» **Work item**
Write the listing below out again word for word, without a single picture.

» **Recorded information**
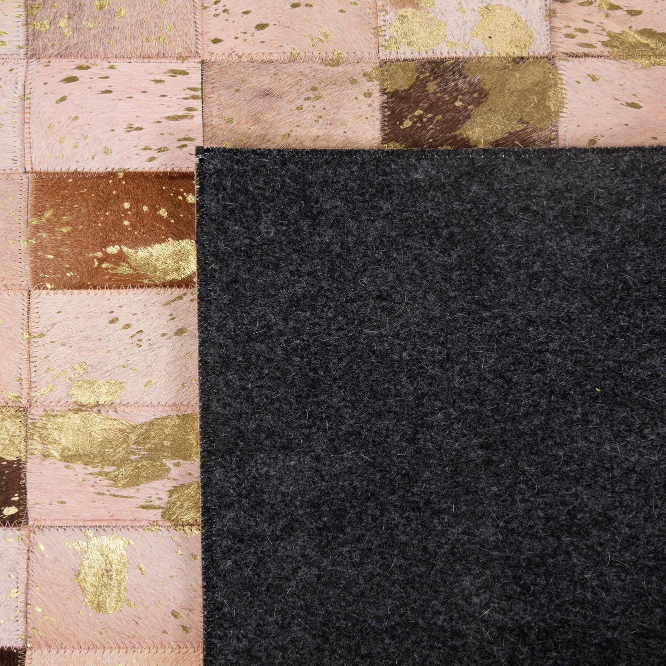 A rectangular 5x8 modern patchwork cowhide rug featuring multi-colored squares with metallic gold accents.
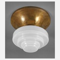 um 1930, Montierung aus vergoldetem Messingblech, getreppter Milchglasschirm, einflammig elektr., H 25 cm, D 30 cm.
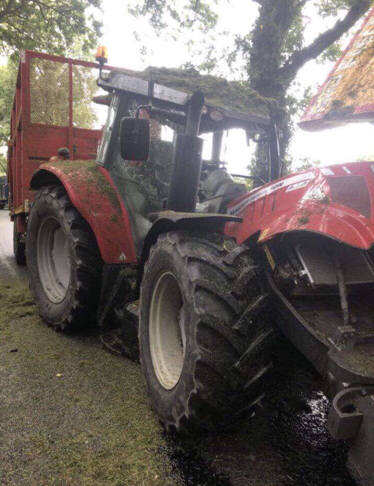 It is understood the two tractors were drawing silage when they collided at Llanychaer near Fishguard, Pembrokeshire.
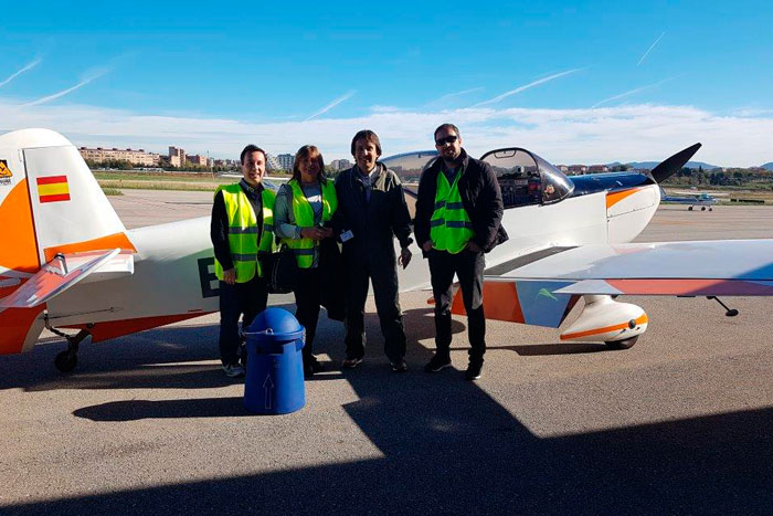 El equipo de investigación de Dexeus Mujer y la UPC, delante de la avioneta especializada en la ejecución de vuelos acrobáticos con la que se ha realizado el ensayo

» **The answer**
 A rectangular 5x8 modern patchwork cowhide rug featuring multi-colored squares with metallic gold accents.
 um 1930, Montierung aus vergoldetem Messingblech, getreppter Milchglasschirm, einflammig elektr., H 25 cm, D 30 cm.
 It is understood the two tractors were drawing silage when they collided at Llanychaer near Fishguard, Pembrokeshire.
 El equipo de investigación de Dexeus Mujer y la UPC, delante de la avioneta especializada en la ejecución de vuelos acrobáticos con la que se ha realizado el ensayo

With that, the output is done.